_Information given:_
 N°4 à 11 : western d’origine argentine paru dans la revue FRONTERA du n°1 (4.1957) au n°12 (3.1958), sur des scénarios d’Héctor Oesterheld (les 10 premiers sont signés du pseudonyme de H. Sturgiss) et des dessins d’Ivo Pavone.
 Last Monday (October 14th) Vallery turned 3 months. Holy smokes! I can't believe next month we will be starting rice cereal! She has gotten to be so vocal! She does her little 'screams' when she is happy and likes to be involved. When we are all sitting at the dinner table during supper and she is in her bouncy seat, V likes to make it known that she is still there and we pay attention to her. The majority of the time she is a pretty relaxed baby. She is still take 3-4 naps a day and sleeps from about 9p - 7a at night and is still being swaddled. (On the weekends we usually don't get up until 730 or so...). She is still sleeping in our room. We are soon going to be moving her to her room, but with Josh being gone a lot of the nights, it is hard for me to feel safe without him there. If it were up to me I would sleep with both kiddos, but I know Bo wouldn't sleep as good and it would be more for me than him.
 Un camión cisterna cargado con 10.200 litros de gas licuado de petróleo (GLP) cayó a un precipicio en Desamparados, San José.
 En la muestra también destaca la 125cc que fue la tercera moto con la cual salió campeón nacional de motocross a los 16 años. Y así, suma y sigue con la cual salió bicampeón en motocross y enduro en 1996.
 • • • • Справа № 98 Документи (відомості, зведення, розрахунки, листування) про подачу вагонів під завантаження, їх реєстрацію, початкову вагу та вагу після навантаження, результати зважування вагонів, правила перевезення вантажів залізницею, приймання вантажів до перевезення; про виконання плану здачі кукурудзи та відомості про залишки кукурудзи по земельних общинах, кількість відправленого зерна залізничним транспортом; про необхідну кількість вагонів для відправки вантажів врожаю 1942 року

...

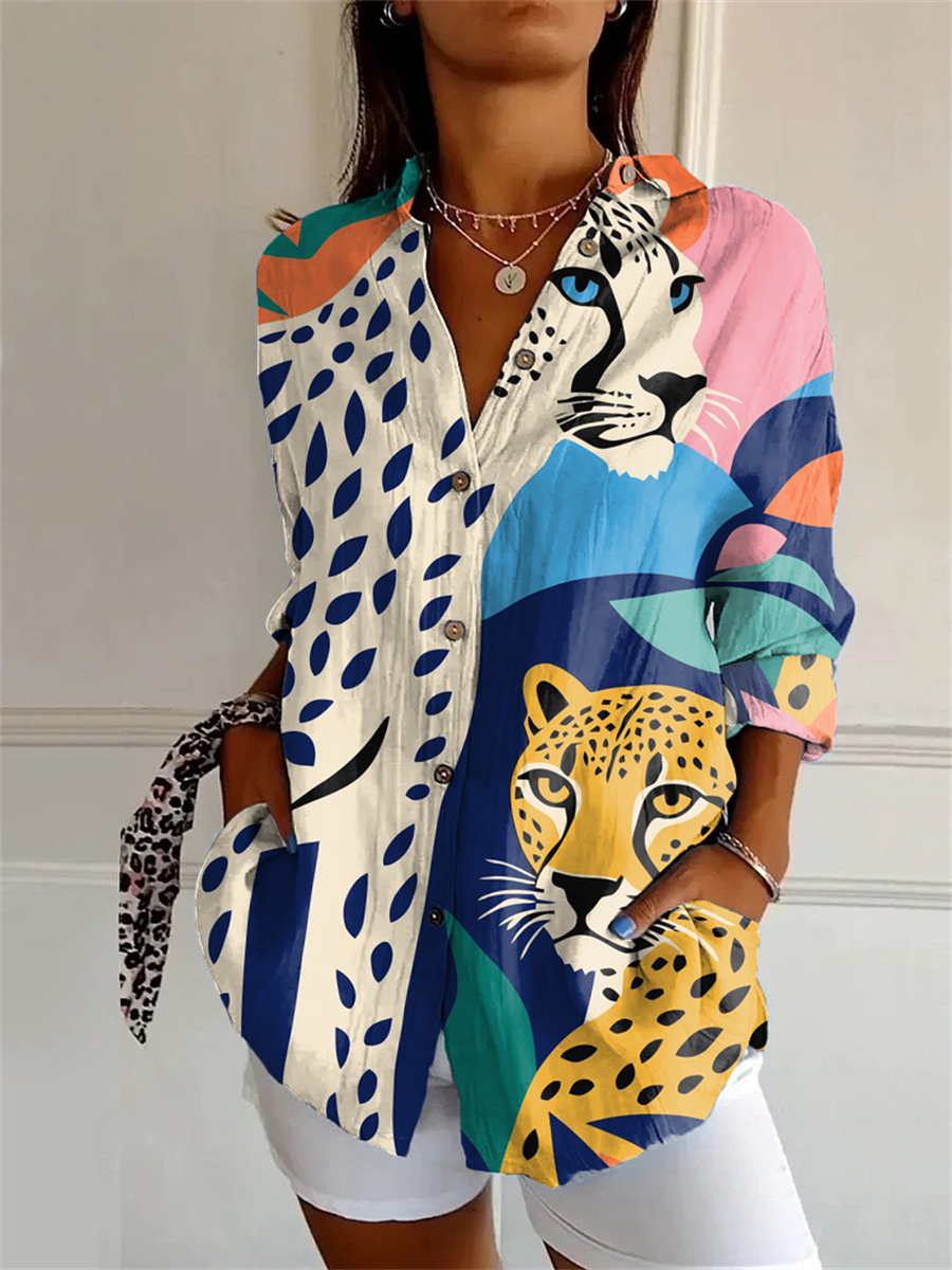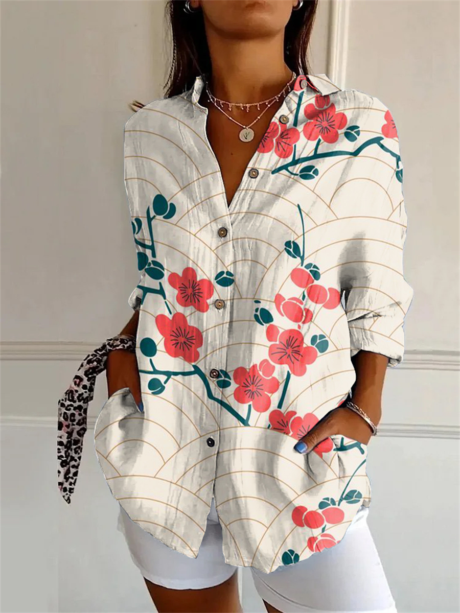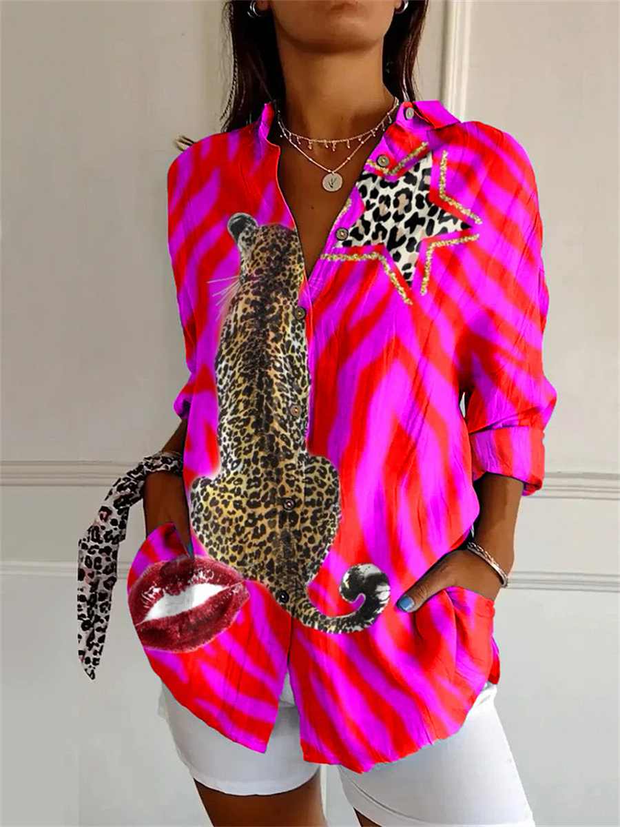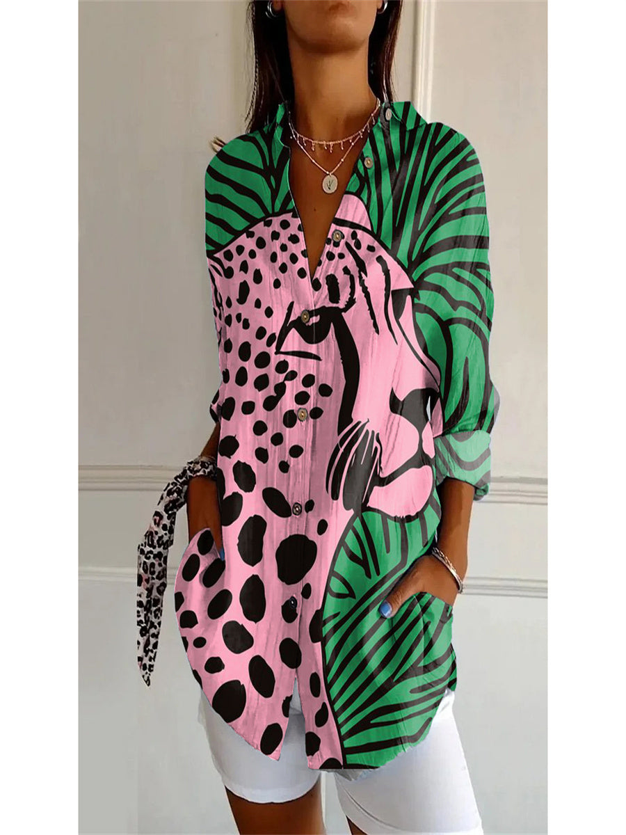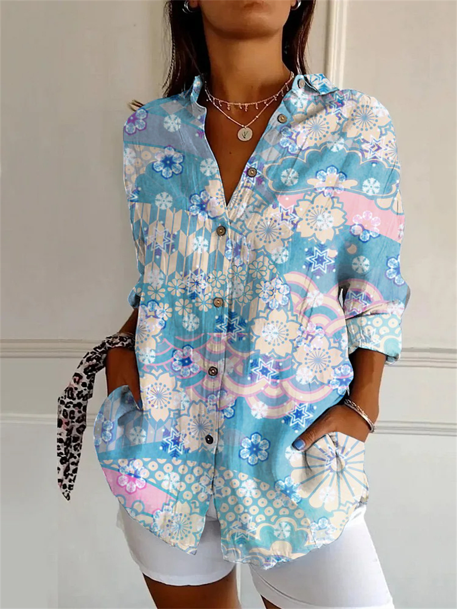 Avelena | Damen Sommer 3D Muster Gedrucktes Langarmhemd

_About this task:_
Exactly the lines above from the one with "N°4 à 11 : western" to the one with "En la muestra", both included, are to be quoted; leave the rest out.

_Your solution:_
 N°4 à 11 : western d’origine argentine paru dans la revue FRONTERA du n°1 (4.1957) au n°12 (3.1958), sur des scénarios d’Héctor Oesterheld (les 10 premiers sont signés du pseudonyme de H. Sturgiss) et des dessins d’Ivo Pavone.
 Last Monday (October 14th) Vallery turned 3 months. Holy smokes! I can't believe next month we will be starting rice cereal! She has gotten to be so vocal! She does her little 'screams' when she is happy and likes to be involved. When we are all sitting at the dinner table during supper and she is in her bouncy seat, V likes to make it known that she is still there and we pay attention to her. The majority of the time she is a pretty relaxed baby. She is still take 3-4 naps a day and sleeps from about 9p - 7a at night and is still being swaddled. (On the weekends we usually don't get up until 730 or so...). She is still sleeping in our room. We are soon going to be moving her to her room, but with Josh being gone a lot of the nights, it is hard for me to feel safe without him there. If it were up to me I would sleep with both kiddos, but I know Bo wouldn't sleep as good and it would be more for me than him.
 Un camión cisterna cargado con 10.200 litros de gas licuado de petróleo (GLP) cayó a un precipicio en Desamparados, San José.
 En la muestra también destaca la 125cc que fue la tercera moto con la cual salió campeón nacional de motocross a los 16 años. Y así, suma y sigue con la cual salió bicampeón en motocross y enduro en 1996.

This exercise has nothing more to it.